2. The manufacturing method of the plugged honeycomb structure
according to claim 1, wherein said at least one compatible
component is a component which can decompose or disappear when
fired.
3. The manufacturing method of the plugged honeycomb structure
according to claim 1, wherein the component is at least one
selected from the group consisting of water, a surfactant,
glycerin, acetone, methanol, ethanol, toluene and benzene.
Description
BACKGROUND OF THE INVENTION
[0001] 1. Field of the Invention
[0002] The present invention relates to a manufacturing method of a
plugged honeycomb structure which can preferably be used in a
filter such as a diesel particulate filter and in which
predetermined cells at an end surface of the structure are
plugged.
[0003] 2. Description of the Related Art
[0004] As a dust collecting filter typified by a diesel particulate
filter (DPF), a ceramic filter having a honeycomb structure is
used. Such a filter has a honeycomb structure having a large number
of cells which are separated and formed by porous partition walls
so as to constitute passages of a fluid, and each cell is plugged
at one end portion opposite to that of an adjacent cell so that
each end surface of the honeycomb structure has a checkered
pattern.
[0005] When an exhaust gas containing fine particles such as
particulates is gotten into one end surface of this filter (a
plugged honeycomb structure), this exhaust gas flows into the
structure from the cells having the end portions which are not
plugged on the side of the aforementioned end surface, passes
through the porous partition walls and enters the other cells
having end portions which are not plugged on the side of the other
end surface of the structure. Then, when the exhaust gas passes
through these partition walls, the fine particles in the exhaust
gas are trapped by the partition walls, and the cleaned exhaust gas
from which the fine particles have been removed is discharged from
the other end surface of the honeycomb structure.

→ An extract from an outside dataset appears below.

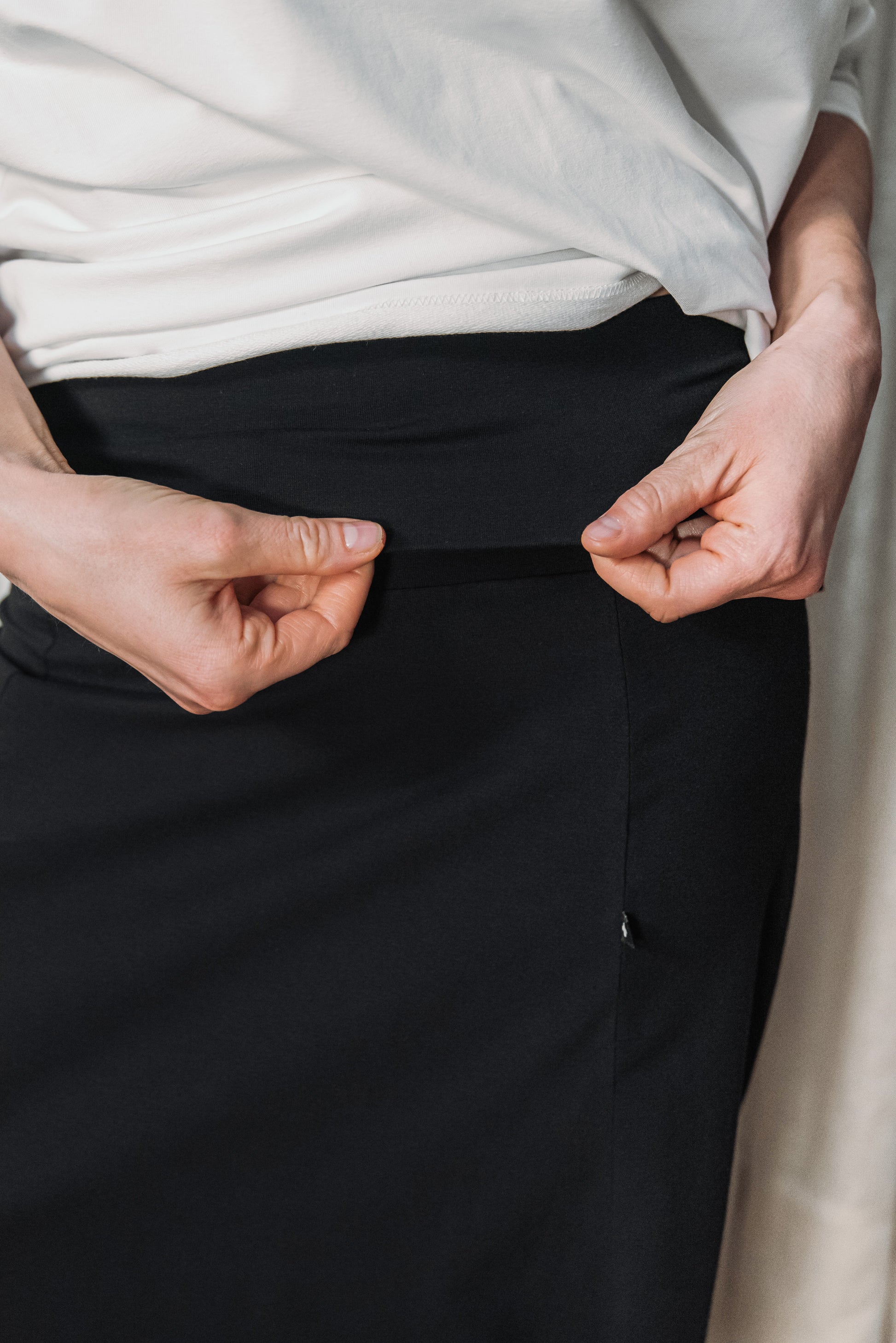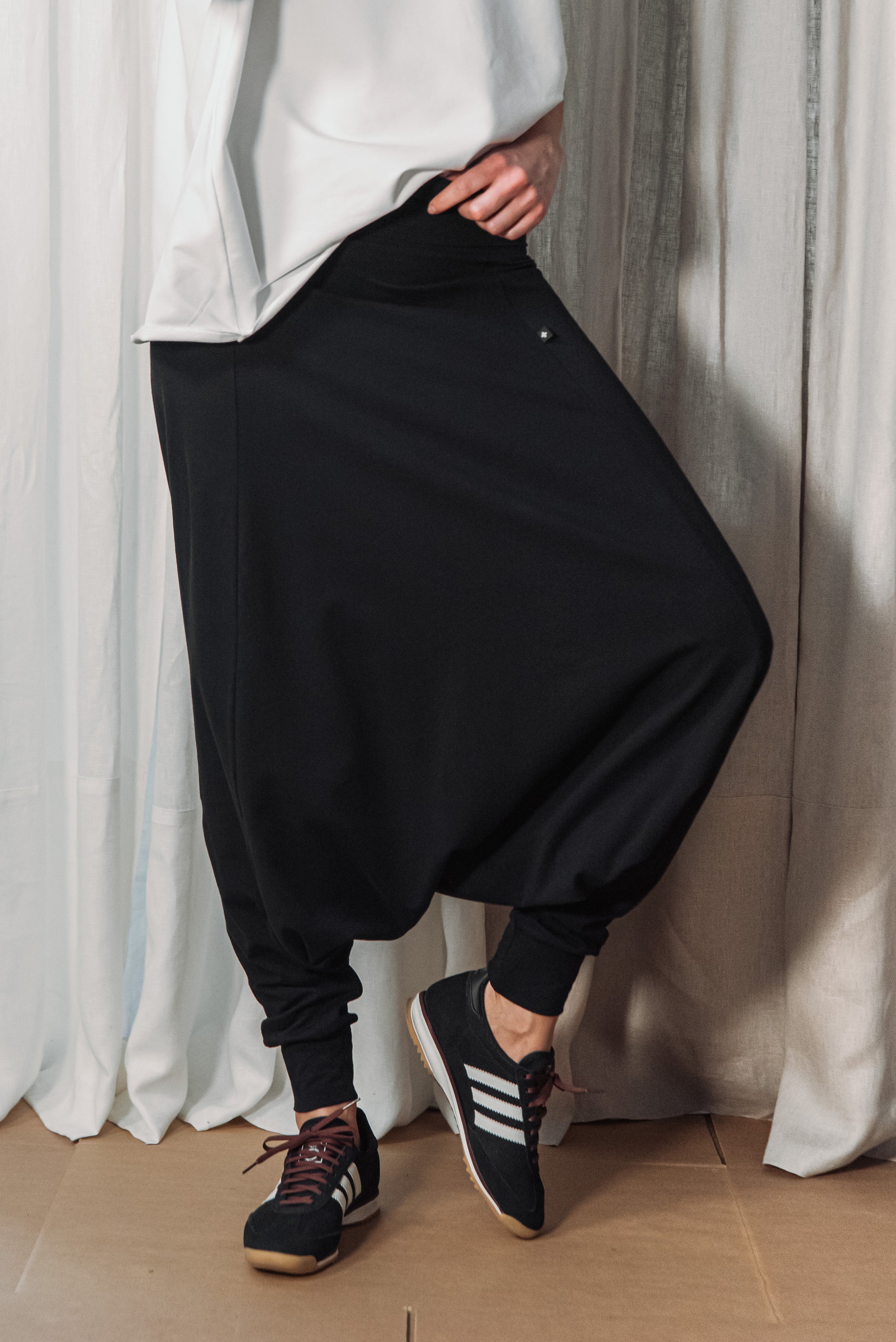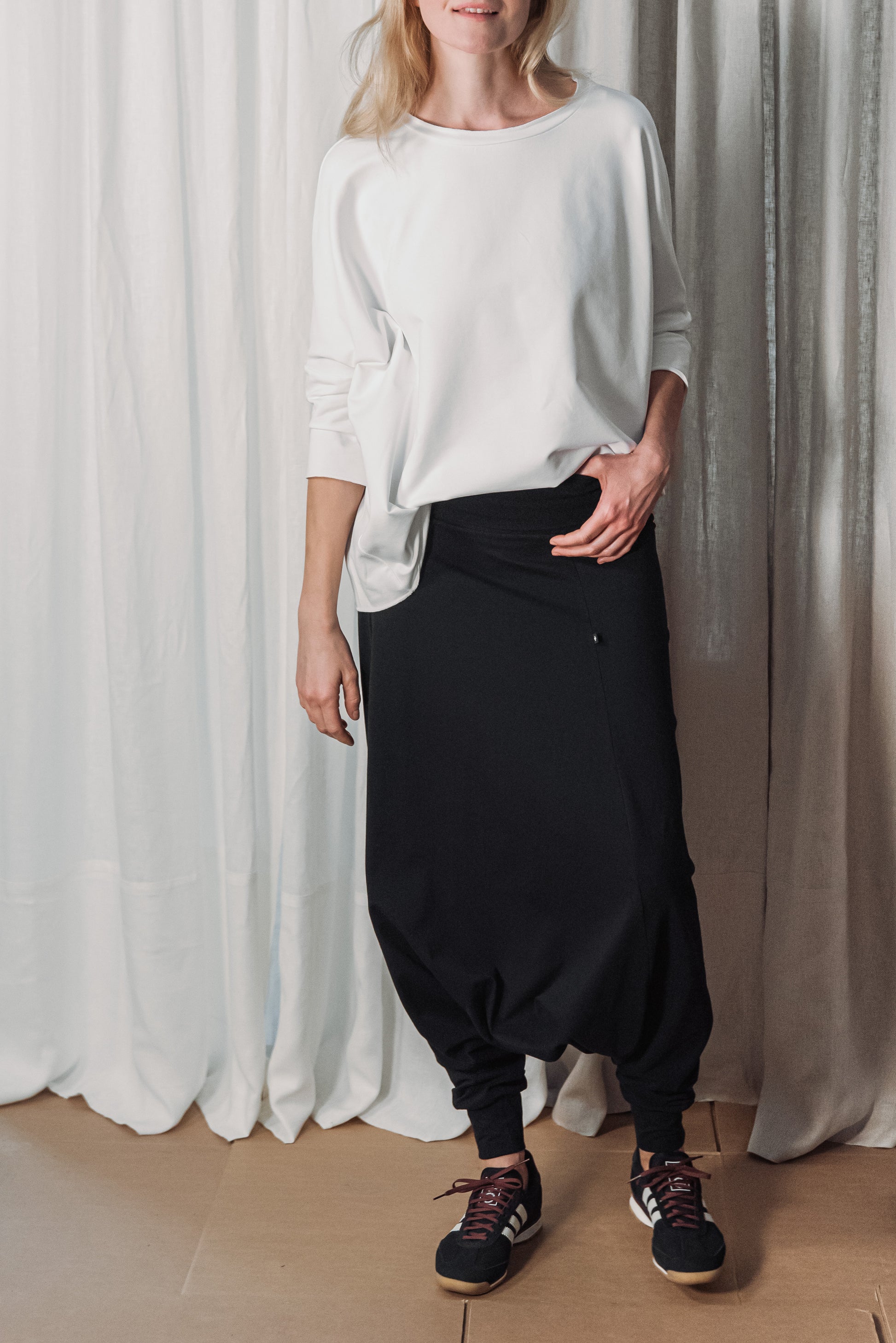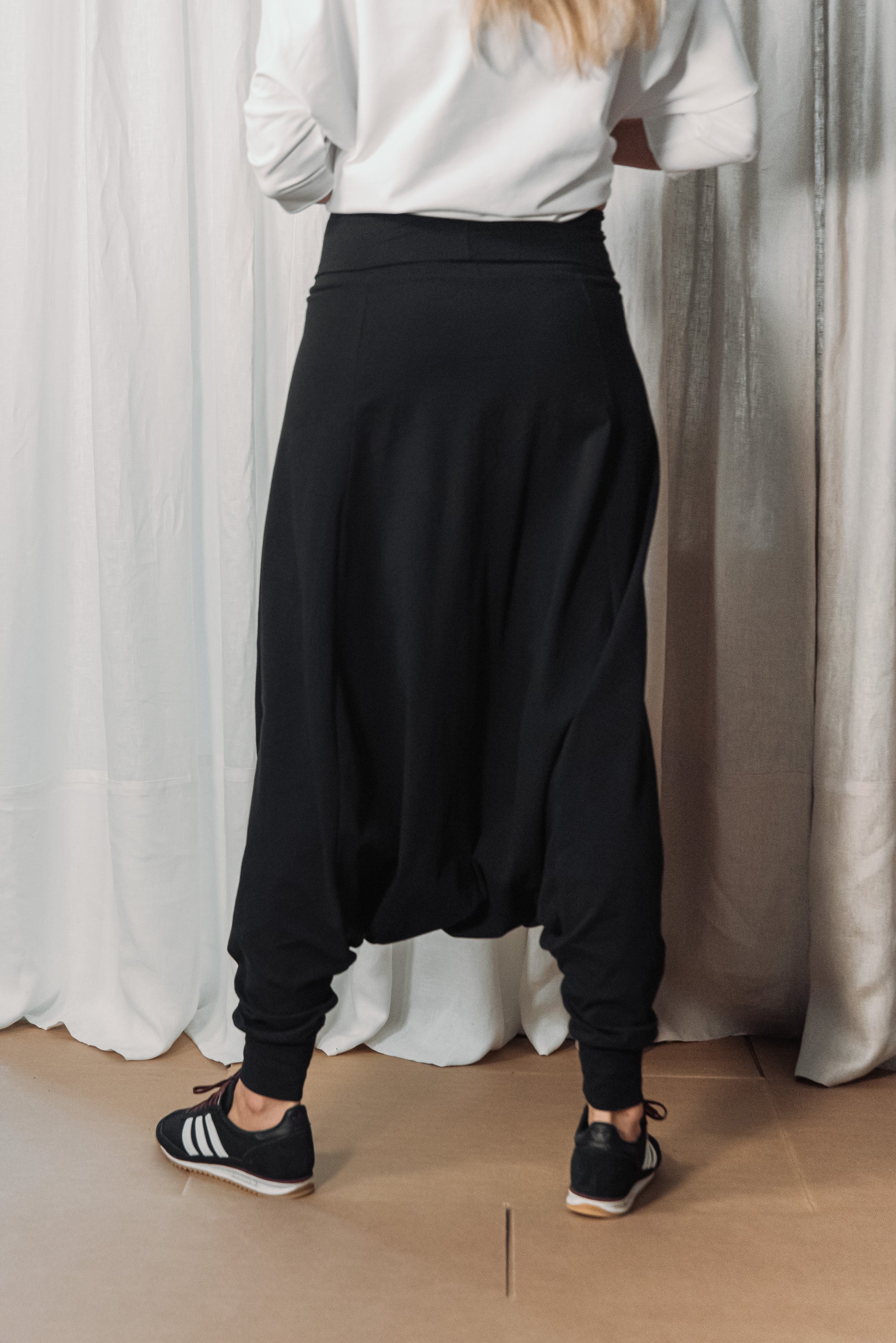 > The waist of the AUM pants is made of double material and can be folded back (so it is comfortable for new mothers) - very deep bottom, with a fitted part at the ankle. Pulled up to the chest, it can also be worn as overalls - extremely comfortable and cool style. Number one favorite based on our customers' feedback - because it is so natural and easy to wear.

[0006] Usually, to manufacture the plugged honeycomb structure
having such a structure, a method is employed in which as shown in
FIG. 2, a mask film 4 to constitute a mask is attached to an end
surface of a honeycomb base material 1, holes 3 are provided at
positions corresponding to opening end portions (cell opening end
portions 7) of predetermined cells 2a, 2b of this mask film 4, and
an end portion of the honeycomb base material 1 is submerged in a
plugging slurry 6 stored in a container 5, whereby the plugging
slurry 6 permeates the predetermined cell opening end portions 7
through the holes 3 of the mask film 4 (for example, see Patent
Document 1).
[0007] In a case where the opening end portions of the
predetermined cells are plugged by such a method, the plugging
slurry 6 does not sometimes permeate to a desired depth of the
cells 2a, 2b. Moreover, the permeation depth of the plugging slurry
6 is not sometimes uniform, and there has been a problem that it is
difficult to manufacture a homogeneous plugged honeycomb structure.
In a case where the permeation depth of the plugging slurry which
permeates the respective cells to be plugged is not uniform,
variations arise in a pressure loss of each cell of the resultant
plugged honeycomb structure, and a disadvantage such as variance in
an accumulation amount of filtered matters easily occurs.
[0008] As a concerned conventional technology for solving the above
problems, a method is disclosed in which the plugging slurry having
thixotropy is used, and this plugging slurry permeates the
predetermined cells of the honeycomb base material while being
vibrated (for example, see Patent Documents 2, 3).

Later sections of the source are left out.